Question about different adjoint methods
Just wanted to ask if I have the right understanding of what algorithms are being used for each adjoint method, as the documentation does not link each method to a paper or reference.
My understanding is: RecursiveCheckpointAdjoint - Autodiff through ODE solver, uses checkpointing DirectAdjoint - Autodiff through ODE solver, doesn’t use checkpointing BacksolveAdjoint - Continuous-time adjoint equation solver, doesn’t seem to use checkpointing ForwardMode - Some sort of forward sensitivity method, either in continuous or discrete time (unclear) ImplicitAdjoint - Optimize trajectory y (written as a discrete set of points) to set ODE RHS to zero
Is this correct? The one I'm most confused about is what ForwardMode is.

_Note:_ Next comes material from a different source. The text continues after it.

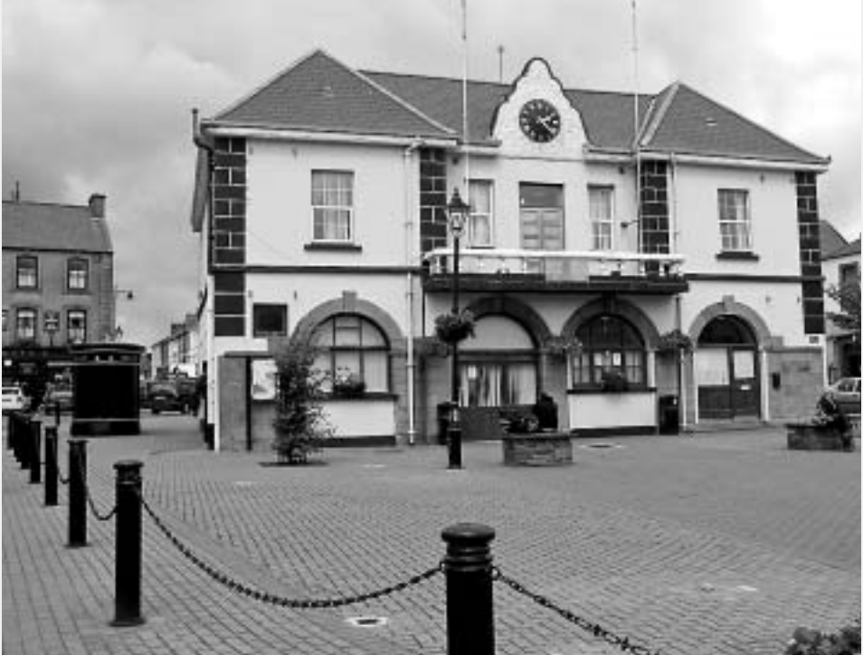
Das Rathaus von Kilkee

So RecursiveCheckpointAdjoint does already have some fairly extensive bibtex citations in its documentation. These are also displayed under diffrax.citation(..., adjoint=RecursiveCheckpointAdjoint()). In particular it uses Stumm--Walther--Wang--Moin--Iaccarino recursive checkpointing over unbounded horizons.
DirectAdjoint does use checkpointing, but it's an alternate approach involving multiple nested scan-checkpoints. This is a JAX hack that I cooked up for a few compatibility cases, nothing more.
BacksolveAdjoint is indeed optimise-then-discretise reverse mode. Still a terrible method that got popular for no good reason. We could probably include some extra references for this if we wanted but they're pretty numerous.
ForwardMode is discretise-then-optimise forward mode. Good catch that it's not documented which, I've just pushed a doc update to include that.
ImplicitAdjoint requires that you solve the ODE to steady state. It then computes gradients with respect to your inputs just like the other methods (y0, args, ...), whilst exploiting the fact that the result is a steady state to use a more computationally cheap adjoint method, namely the implicit function theorem. (So in particular it's not about optimising the trajectory to get the RHS to zero, it is requiring that you already be solving your ODE to zero.)
I hope that helps!
Thanks Patrick this clarifies it!
So just to double check, ForwardMode is very similar to RecursiveCheckpointAdjoint and DirectAdjoint (which are all discretize-then-optimize approaches), but it is using forward mode AD whereas the other two are using reverse mode AD. So I for example, would not want to train a neural ODE with ForwardMode, but perhaps for a small parameterized ODE this would be a good option. Does ForwardMode also do some form of checkpointing?
Yes exactly.
There's no checkpointing in ForwardMode. Indeed I usually think of checkpointing as being a concept associated only with reverse-mode autodiff.